* Collected material:
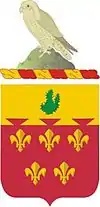 • Shield: The shield is red for artillery. The yellow dovetailed chief symbolizes the formation of the organization from cavalry. The cactus indicates service as cavalry on the Mexican border. The five fleurs-de-lis signify the five major engagements in France in World War I as artillery.
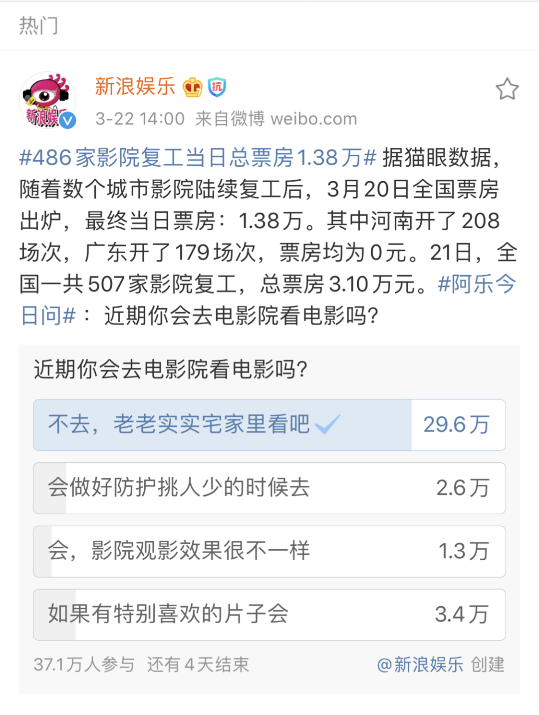 近日,为了了解消费者的观影意愿,新浪电影发起了一项投票,截至3月25日,共吸引37.1万人次参与。结果显示,在上述37万人中,有29.6万人选择“不去,老老实实宅家里看”,占比高达80%;另有3.4万人次表示“如果有特别喜欢的片子会去看”。
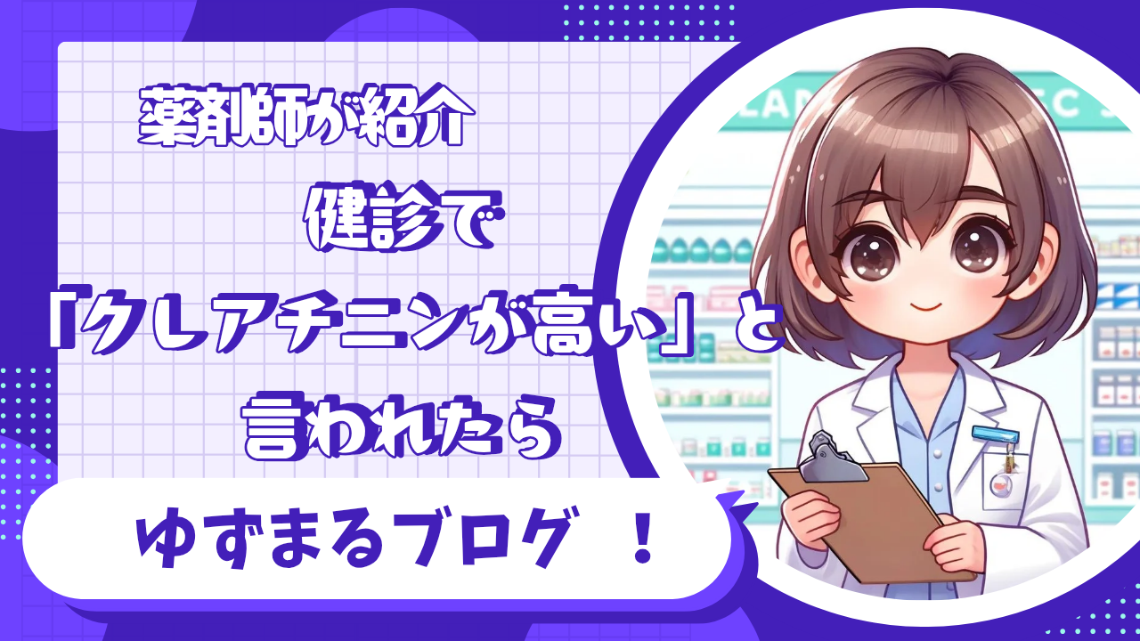 健診結果で「クレアチニンが高い」って書かれてると、びっくりしますよね。今日は血清クレアチニン(Cr)の意味・上がる原因・どうすればよいかを、薬剤師目線で丁寧にまとめます!

* Required work: Copy the line showing "近日,为了了解消费者的观影意" exactly, along with each line after it through the end of the material above. Pictures stay out.

* Your solution:
 近日,为了了解消费者的观影意愿,新浪电影发起了一项投票,截至3月25日,共吸引37.1万人次参与。结果显示,在上述37万人中,有29.6万人选择“不去,老老实实宅家里看”,占比高达80%;另有3.4万人次表示“如果有特别喜欢的片子会去看”。
 健診結果で「クレアチニンが高い」って書かれてると、びっくりしますよね。今日は血清クレアチニン(Cr)の意味・上がる原因・どうすればよいかを、薬剤師目線で丁寧にまとめます!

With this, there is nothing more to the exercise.